At some point in their careers, most innovative founders talk about their lightbulb moments—breakthrough discoveries in the lab; buried results from a data report you've reviewed dozens of times already; the clarity when a product problem translates to market opportunity.

For me, it wasn't a lightbulb - it was when I combined my two passions of molecular biology and computer science to make plants glow.

When I was at university, one of my first projects was to genetically modify plants to express genes capable of enabling bioluminescence. For a budding molecular biologist, this was a catalytic moment, a scientific project that demonstrated how truly remarkable plants are, and an attempt to push the boundaries on what is possible in the synthetic and plant biology spaces.

This project also demonstrated that one of the fundamental issues with natural bioluminescence is that the metabolic pathway necessary for the emission of light is largely inefficient; that is why most bioluminescent organisms in nature are quite dim and difficult to see with the naked eye.

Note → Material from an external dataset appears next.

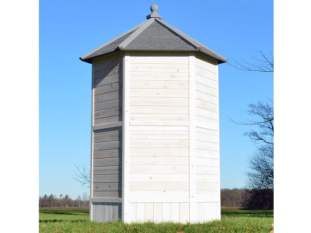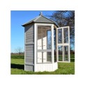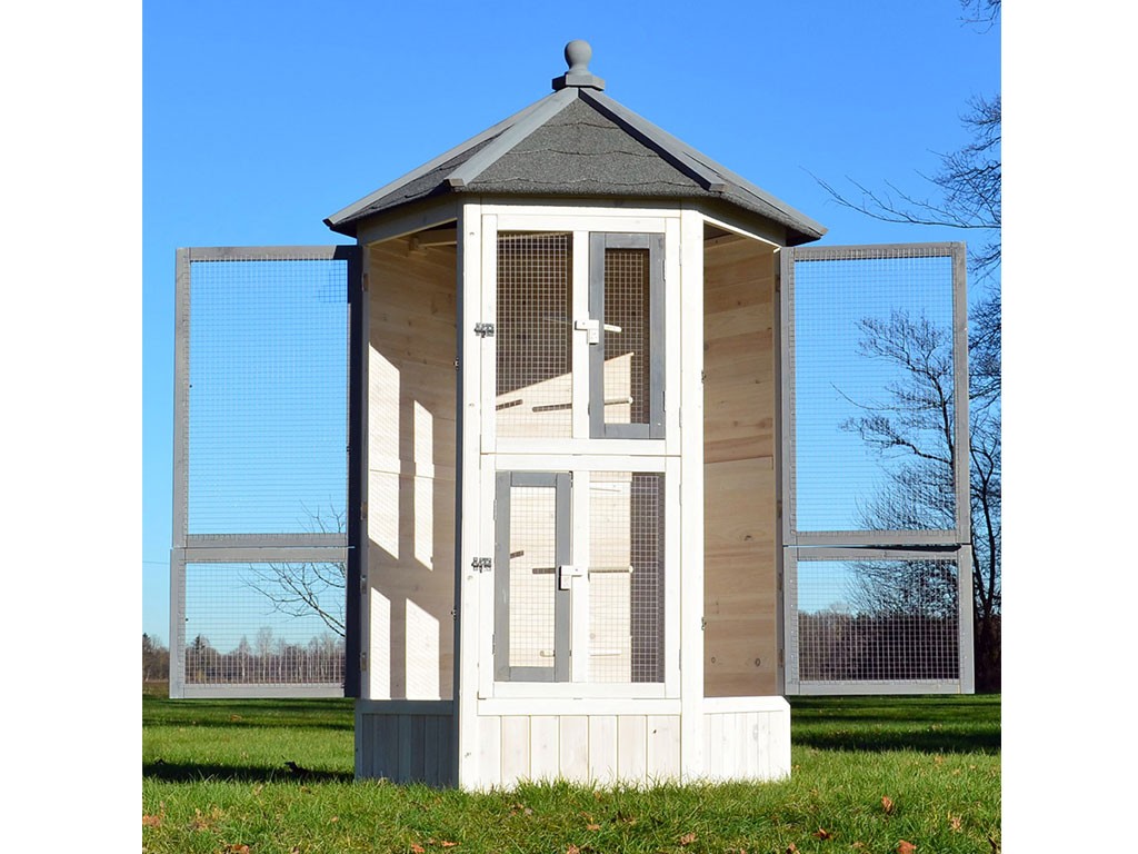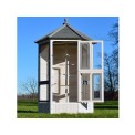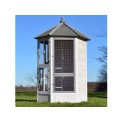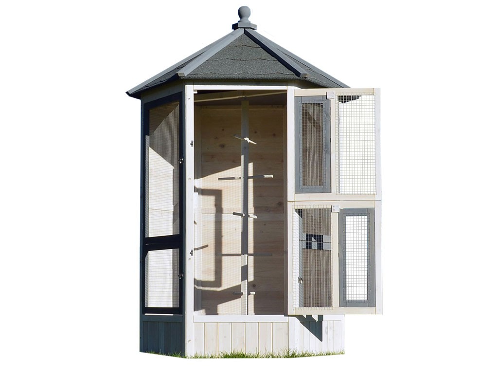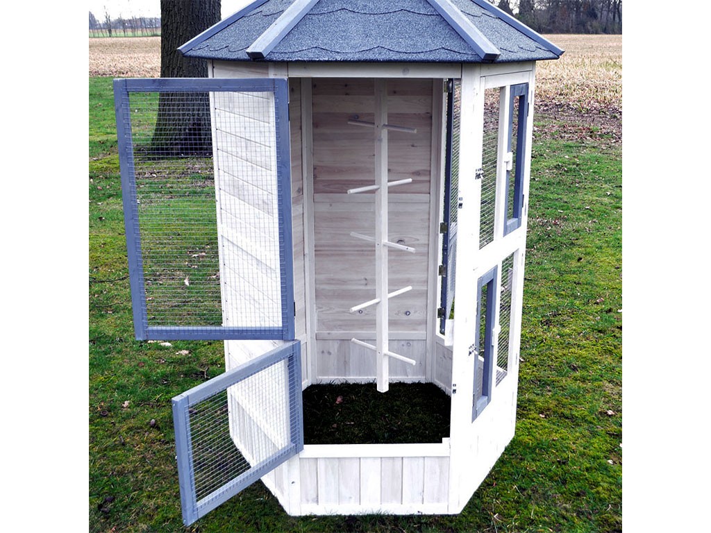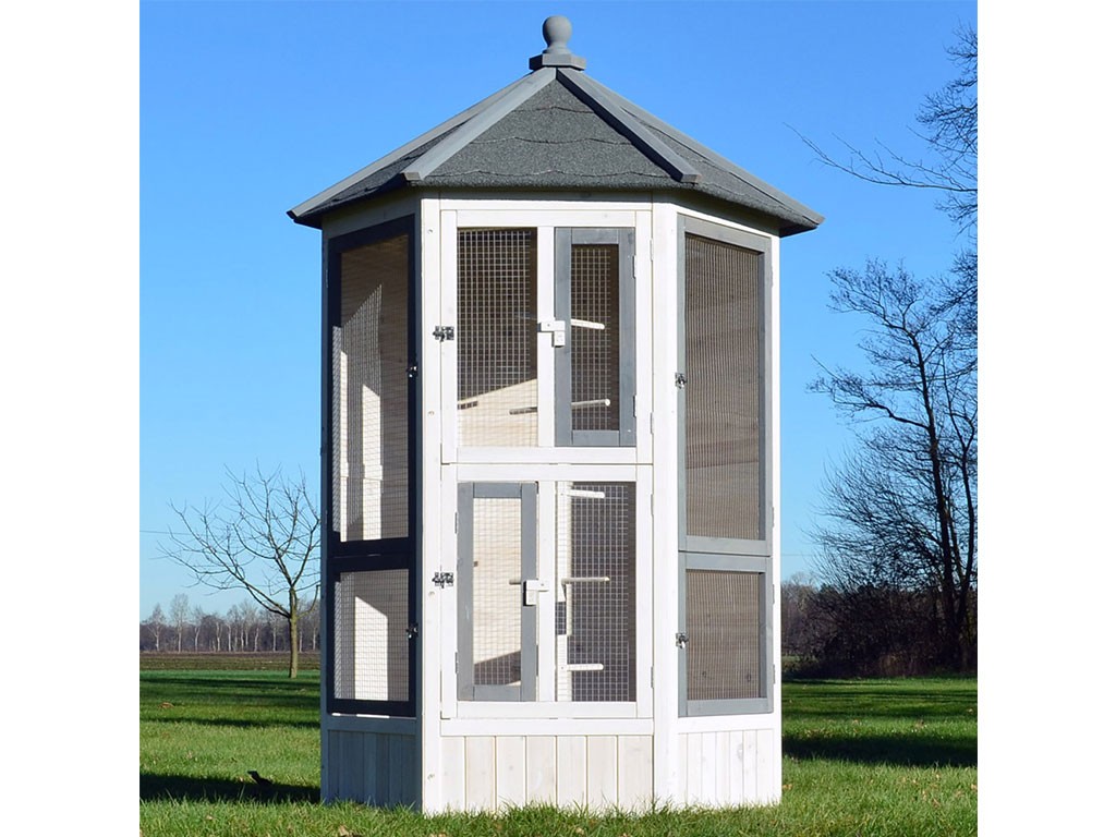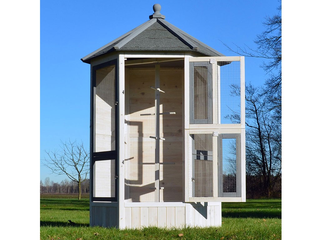Voliéra pre vtáky z masívu, lakované borovicové drevo, bitúmenová strecha, 6 otvárateľných dvierok, 5 bidiel na závesnej hrazde, štýlová biela farba, rozmery 100x100x183cm.

These metabolic reactions are catalyzed by special proteins known as enzymes. By optimizing these enzymes it is possible to achieve greater light output and therefore a brighter plant.

The challenge was that for the average enzyme, there are more possible mutations than there are atoms in the universe, and most of the mutations either make the enzyme worse or completely non-functional.

Most traditional approaches like 'Deep Mutational Scanning' basically involve making random mutations until you get something satisfactory - This process can cost hundreds of thousands of dollars and finding a satisfactory mutation can take years.

It dawned on me that a lot of the research that I was doing could be streamlined using machine learning models and tools. Moreover, I also noticed a shortage in high accuracy AI-based methods for enzyme optimization - This greatly piqued my interest.

This recognition led me to try to apply my knowledge of data and computer science—another passion of mine—to the large data sets obtained in molecular biology – notably in protein engineering and genetically engineering organisms.

And that directly led to the creation of the NeuroFold model, which was designed to make precise mutations that lead to enzymes with specific and desired properties.

The two key innovations behind NeuroFold are its multimodal approach to understanding the protein fitness landscape, as well as leveraging a functional baseline.

NeuroFold goes beyond traditional approaches to protein fitness prediction and enzyme optimization, which typically only focus on a single modality, such as a sequence, evolutionary information, or structure. It strategically leverages information from all three modalities in a concurrent way without "leaking" information from the other modalities. This gives NeuroFold a substantially greater understanding of the protein fitness landscape that no previous models could capture. In doing so, we dramatically shortened the time and cost associated with finding the needle in the haystack.

To make NeuroFold even more efficient, we learned to "bias" the model using an existing template. Other protein-related models, especially protein language models, can at best generalize to a very select few protein families (without fine tuning). The NeuroFold model, though, operates in a unique way where constant comparisons to the template are critical to properly constraining the model into accurately understanding the intricacies of the input structure. It was this tweak that enabled NeuroFold to achieve a 40-fold increase in performance over Meta's ESM-1v model.

Today, Neurosnap's second generation Biology Suite includes over 50 innovative artificial intelligence-based tools and models designed to accelerate research across a broad number of tasks in molecular biology. Some of the most prominent changes consist of improvements and optimizations like AlphaFold2, and the addition of new tools for drug and protein design.

Tools like Google DeepMind's AlphaFold2 were revolutionary, as they not only drastically improved scientists' ability to quickly reason about a protein's structure but also invigorated interest in computational biology.

But AlphaFold2 as designed was prohibitively expensive for larger proteins and complexes and far too technical for most researchers to use effectively. Additionally, it could also require very specialized personnel and equipment that would then need to be maintained, further adding to costs.

Using Neurosnap's AlphaFold2 implementation, which adds additional confidence metrics on top of its own metrics, scientists are able to reliably assess whether or not the production is accurate in a much shorter time frame. Moreover, scientists using the Neurosnap biology suite do not have to have sophisticated computer coding skills.

In barely a year after forming the company, Neurosnap's list of bioinformatic tools and services has grown to include drug design; inverse folding; molecular docking and dynamics; protein annotation, clustering, conformations, design, expression, folding, localization, solubility, and stability; RNA sequencing and transcriptions analysis; signal peptide detection; and toxicity prediction.

Already our tools are enhancing research in drug design, development of antibodies against specific targets, enzyme development (including industrial enzymes used in the food industry), and other life-saving and life-extending research.

It is truly humbling to know that the work resulting from a university project to make plants glow is lighting the way to democratizing essential research -- the kind that is enabling the discoveries of tomorrow.

Keaun Amani is the CEO and Founder of Neurosnap.